Facebook Email Needs to Grow Up

There was a time when people only used Facebook email for informal, personal communications; voices from the past looking to catch up, or casual connections that were anything but urgent.

As folks have begun to get more contacts on Facebook, and use it for more of their daily business communications, the walled-garden approach is no longer functional.

Facebook needs to open up its messaging system to POP and IMAP access, allow forwarding to external accounts, and recognize their role as a legitimate email provider.  While I loathe having to have yet another email account to manage, if I could access it via IMAP or forwarding, I could at least manage it. As it stands today, it is really not manageable; in fact the inability for me to archive the data along with my other email communications makes it a liability and something to avoid.

As it is now, Facebook email is actually creating more problems than it solves, and I expect that there will be a backlash against it unless they take ownership of this growing problem.
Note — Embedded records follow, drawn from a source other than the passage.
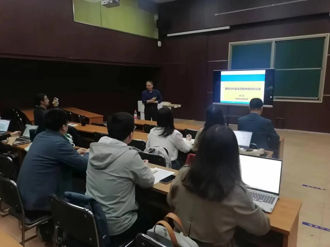 任广乾教授主持过两项国家自然基金项目,在研一项国家社科基金重点项目,在国家级项目申报方面积累了宝贵的经验。首先,他从国家级课题申报的重要性、国社科与国自然的区别、国社科基金及国家社科基金重点项目申报的建议三方面展开,强调了选题的新颖性和前沿性,以及研究内容的系统性、层次性、应用性、创新性和复杂性,同时结合自己主持的国家社科基金项目申报书详细讲解了课题申报书的撰写,分享了自己在申报过程中的心得体会。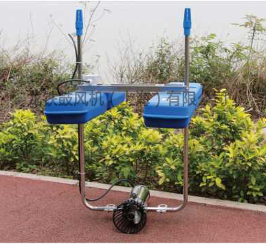 推流曝气机是由专用高速电动机、吸气室、进气管、叶轮等部件组成。高性能电 动机带动叶轮高速旋转,使吸气室产生真空低压区,空气在大气压力的作用下,经进气 管吸入的压缩空气与水体充分混合,然后通过叶轮高速旋转产生强大的轴向推动力和径向 搅拌力,将吸入的空气搅碎成很细小的气泡,并向水平方向推射入水体。对水体冲击、搅 拌、推动水流,加速气泡扩散混合到水体中,使空气中的氧充分被溶解和吸收,提高了 氧转移效率,达到曝气充氧的目的。
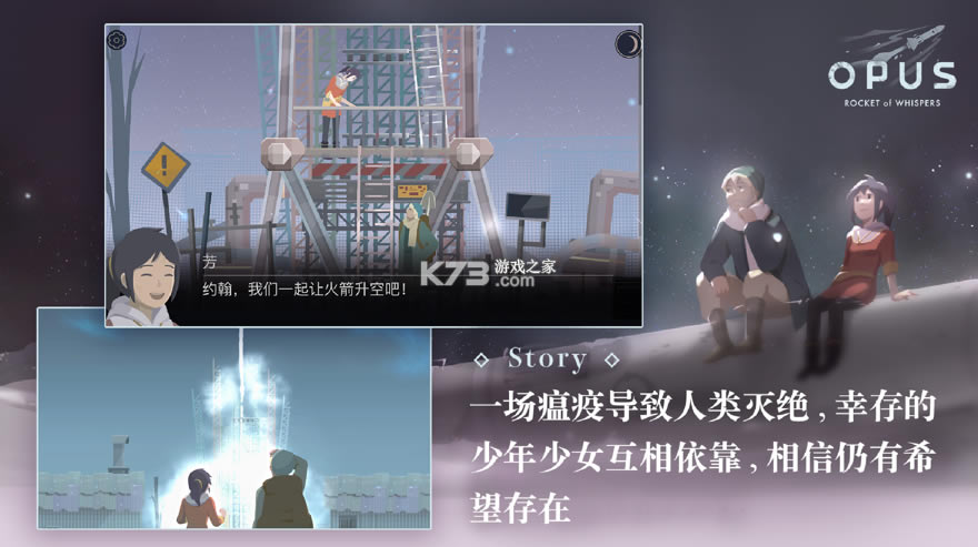 《OPUS灵魂之桥游戏》因为一场瘟疫造成的大范围人类灭亡,仅存的人们末日求生,搜索物资铸造火箭,为故去的人送行,游戏题材新颖,会治愈人们心里的创伤,带着希望生存下去。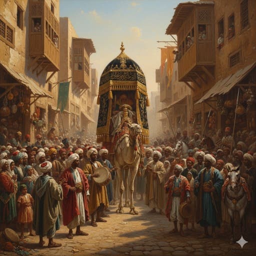A historical depiction of the Mahmal procession in old Cairo, with a grand, decorated palanquin being carried through crowded streets, surrounded by people in traditional attire. The scene should be vibrant and full of historical detail.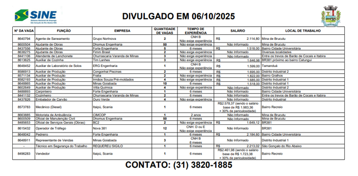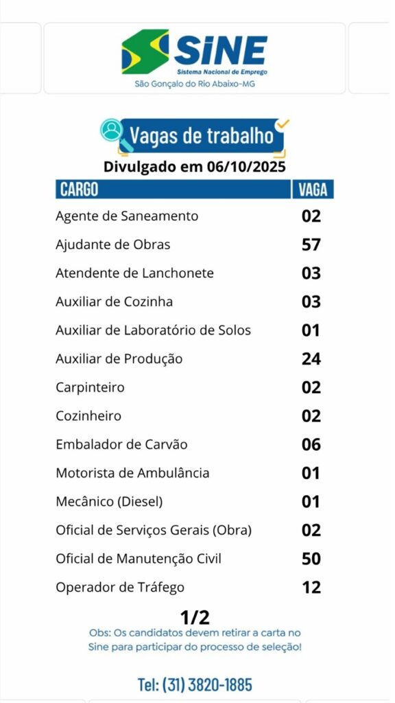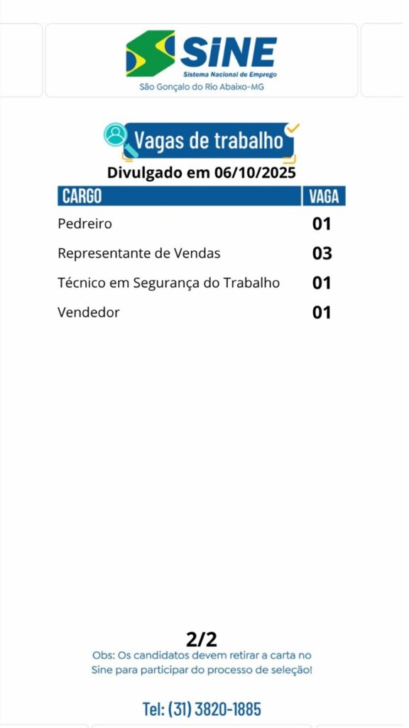Vagas de empregos no SINE de São Gonçalo do Rio Abaixo para hoje 06 de outubro de 2025 06/10/2025, 12:35 0share Facebook WhatsApp Compartilhar Nosso horário de funcionamento é: Segunda a quinta-feira: das 08h às 17h Sexta-feira: das 08h às 16h(Exceto feriados) Deixe um comentário Cancelar respostaO seu endereço de email não será publicado. Campos obrigatórios marcados com *Comentário * Nome * Email * Site Guardar o meu nome, email e site neste navegador para a próxima vez que eu comentar.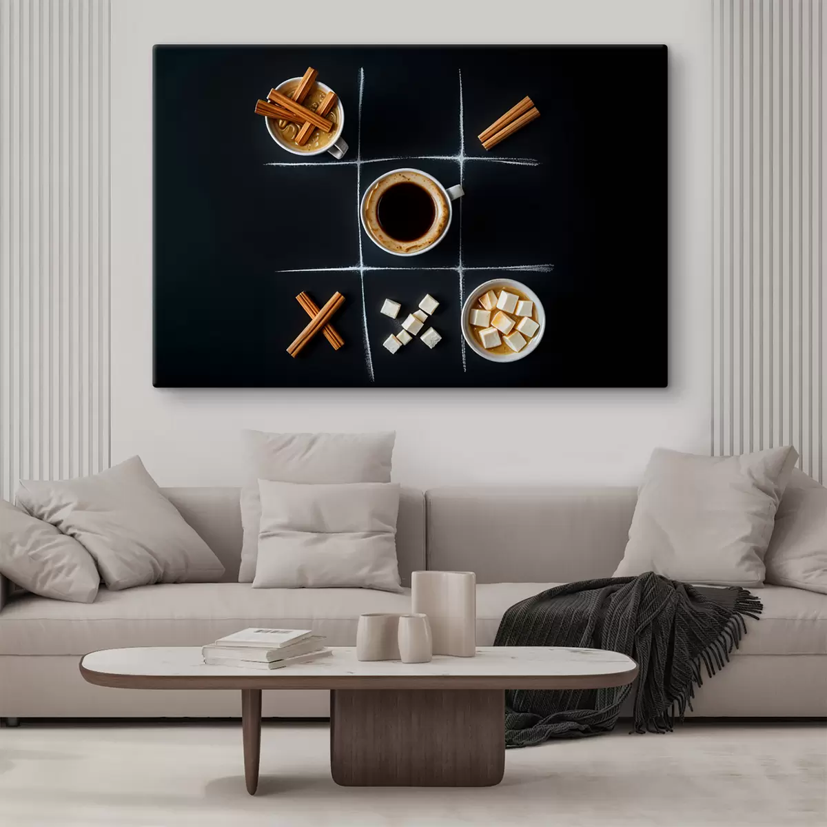 Vászonkép Egy csésze kávé fahéjrúddal, kockacukorral és mályvacukorral, tic-tac-toe rácsban Nr s40163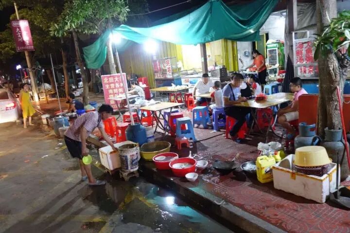 垃圾站两边是数家饮食店,有经营海鲜大排档的,也有经营潮汕小吃的。晚上10点多了,仍有不少食客在用餐。大部分餐饮店把桌椅摆在了步道上,工作人员则蹲在路边清洗餐具,污水也直接倒在了路边,影响了环境卫生也影响了人们通行。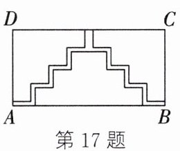 17. 如图所示为一块长方形场地的示意图,长 $AB$ 为 $102\mathrm{m}$,宽 $AD$ 为 $51\mathrm{m}$,$A$,$B$ 两处入口的路宽都为 $1\mathrm{m}$,两条小路汇合处的路宽为 $2\mathrm{m}$,其余部分为草坪,则草坪的面积为(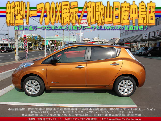 以上、新型リーフ30X展示/和歌山日産中島店の各画像はクリックで全て640x480pxlsに拡大します。 ※本ブログページのすべての画像3枚をスライドショー440x330pxlsで見られます。 ※本ブログ「新型リーフ30X展示/和歌山日産中島店」5作シリーズのすべての画像15枚のスライドショーはこちらから見られます。 | ||||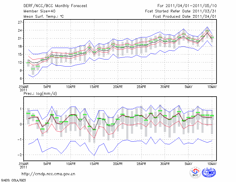 汉 中 (LAT:33.07 LON:107.03) 2011-04-01        预测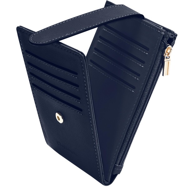 Chelmon Womens Walllet Slim RFID Blocking Bifold Multi Card Case Wallet with Zipper Pocket, Navy Blue, One Size, Minimalist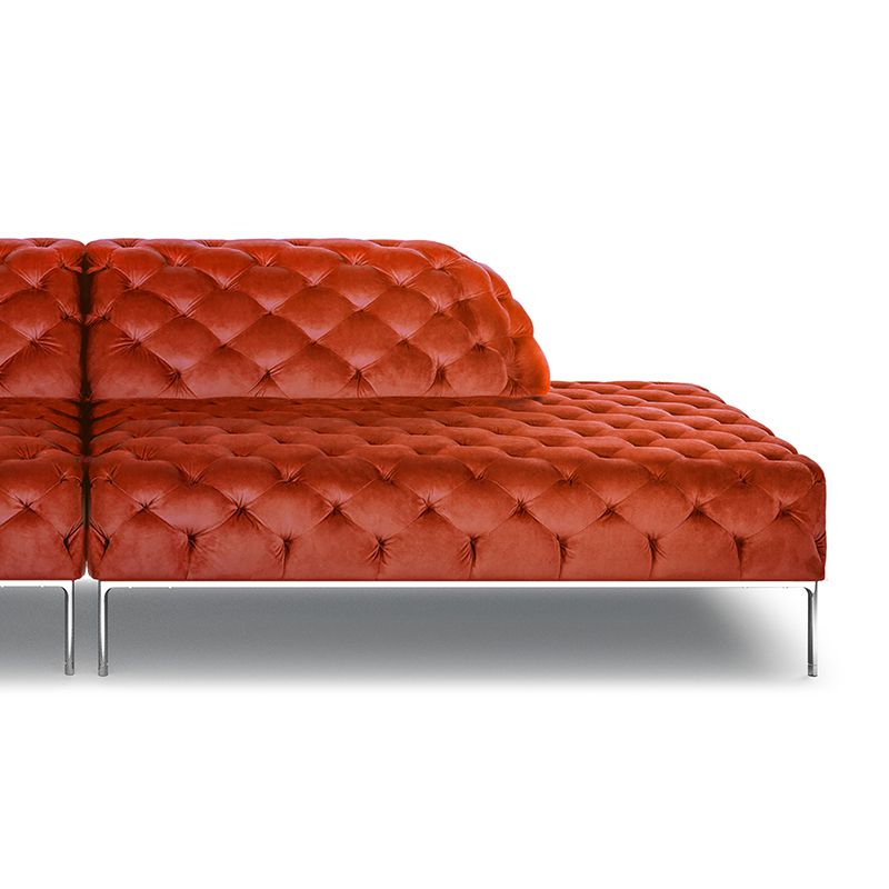 リズミカルにステッチ(タフティング加工)を施したクラシックなチェスターフィールド調のソファを、モダンにアレンジしたデザインです。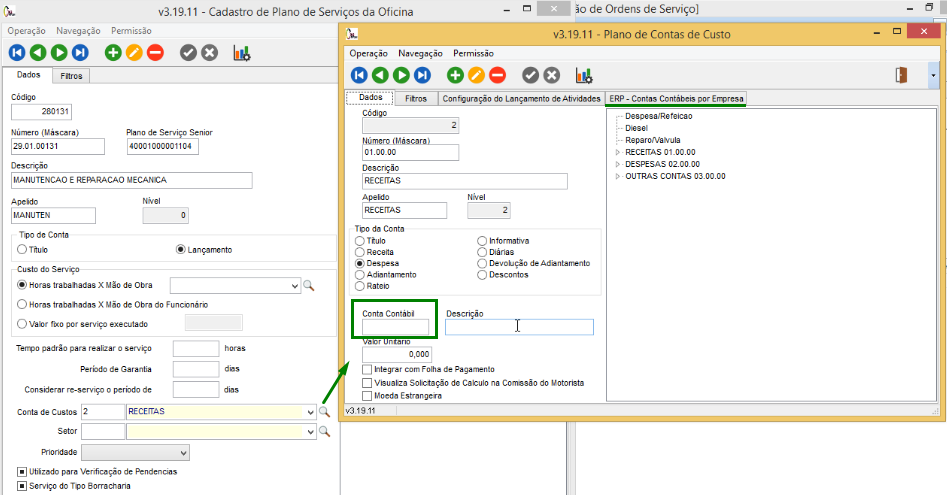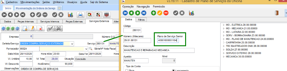- clique na lupa do campo Serviço e preencha o campo Plano de Serviço Senior com o mesmo código do ERP Senior.

Facebook, are you listening?

  • Capri

    I’d like it if Facebook email “grew up” so that FB wouldn’t limit messages and delete or block access to accounts who’ve used it too much for their liking. They claim their email is not a method for chatting back and forth, FB chat is for that. But honestly, who uses FB chat anyway? The whole point of FB email is that people should leave and receive messages back and forth without limits, especially if they’re making plans for events, business, whatever. Because most often when you get on Facebook, your friends aren’t on at the same time, or if they are, they’re doing something else, so disturbing them with a chat request does little more than interupt what they are doing, and what are the chances of planning anything using FB chat? With email, you can contact everyone you need to, and people can write you back at their convenience. At the very least, FB needs to get rid of whatever limit they put on their email messaging usage, but your ideas are great as well.

  • http://tweetscan.com David Sterry

    That’s a neat idea. Maybe Zuckerberg is saving that for if ever his new law of doubling shared data starts to lag. Also, I’m fairly sure an @facebook.com email account or fbmail.com would have a handy side effect of pointing people back to one’s profile. I’m trying to think of reasons why they wouldn’t do this and I can’t think of a good one…it is very close to their core communications mission. Nice post.